I was curious what the surf bite was like this time of the year down there. My buddy just got back home from Oman so we have planned to head to his parents beach house and just have a guys week to do nothing but fish. Any help is appreciated.


----------



## Ramblin Wreck Red Neck (Jul 29, 2014)

I went down earlier this month and could sum it up like this - shark and catfish.  Throw in a few whiting.  But I've never had much luck in the surf outside of these fish.   This is typical of my results surf fishing here for 10 years.  

I think spring and fall may give you a chance at some better game fish in the surf, such as Spanish mackerel.  There have been reds caught, and pompano, but I'm not sure on how large of a scale that happens.

St. Joe Bay gives you the opportunity to bag some great eating redfish, trout and flounder.  But I think the summer time bite is tough even there.

If anybody has any tips please let us know, but I have about given up on surf fishing.  

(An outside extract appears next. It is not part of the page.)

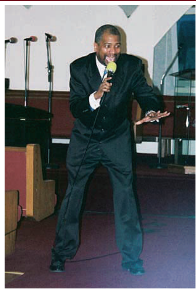
"If you will do the mundane, God will do the miraculous. If you will do the fundamentals, God will do the fantastic."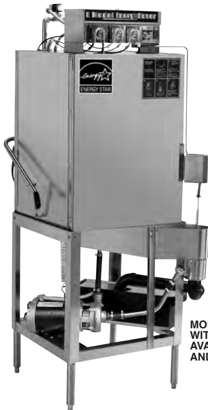
MODEL E EXT WITH 20-1/2" DOOR OPENING AVAILABLE IN STRAIGHT AND CORNER MODEL

So this year I decided to do something different.  I decided to just target the shark.  I figured it would give the kids some excitement.  We did well and caught 5-6 shark in the 3-4' range.  I let the kids and other fishers reel them in and they had a blast.  It also stirred quite a commotion among the beachgoers.  I have to say I enjoyed seeing everyone have a good time.

Anyway, good luck and let us know if you have any luck.


----------



## Jrob4989 (Jul 30, 2014)

Thank you for the information. I went down earlier this year and only caught were catfish and the occasional whiting. What's the best way to target shark and what rig do you prefer to use?


----------



## nickel back (Jul 30, 2014)

Jrob4989 said:


> Thank you for the information. I went down earlier this year and only caught were catfish and the occasional whiting. What's the best way to target shark and what rig do you prefer to use?

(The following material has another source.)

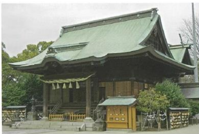
Main Hall of Suiten-gu Shrine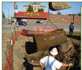
Surgical excavation and tank removal at the G&L Clothing site in Illinois allowed for minimal site disturbance and maximum recycling or reuse of excavated materials.

stay away from using shrimp for bait(expect for catching  bait), use live pin fish and big chunks of cut bait like whiting/lady fish. I like using the head of a whiting/lady fish.

power pro and a good  fluorocarbon leader does well for me, unless you hang into a real nice one(have caught them up to 5 feet with this rig)some folks use a wire leader when shark fishing.

good luck!


----------



## Jrob4989 (Jul 30, 2014)

Awesome! I have orange fish bites that we plan to use as bait, but as far as catching baitfish what is the best method of catching bait in the surf? Would a sabiki rig work?


----------



## Ramblin Wreck Red Neck (Jul 30, 2014)

Jrob4989 said:


> Thank you for the information. I went down earlier this year and only caught were catfish and the occasional whiting. What's the best way to target shark and what rig do you prefer to use?



For me targeting shark at Cape San Blas meant:

1. Fishing in the summer

2. Fishing at Dusk - the last hour or so of daylight.  The action can get hot right when it is becoming dark.

3. Using a large bait with a large 6 -8 /0 hook.  Live pinfish have always worked well for shark, but this year I bought some bonita at the bait shop and cut it up for bait.  I used large chunks, and it seemed the bigger the chunk, the bigger the fish.   Ask around at the bait shops for Bonita.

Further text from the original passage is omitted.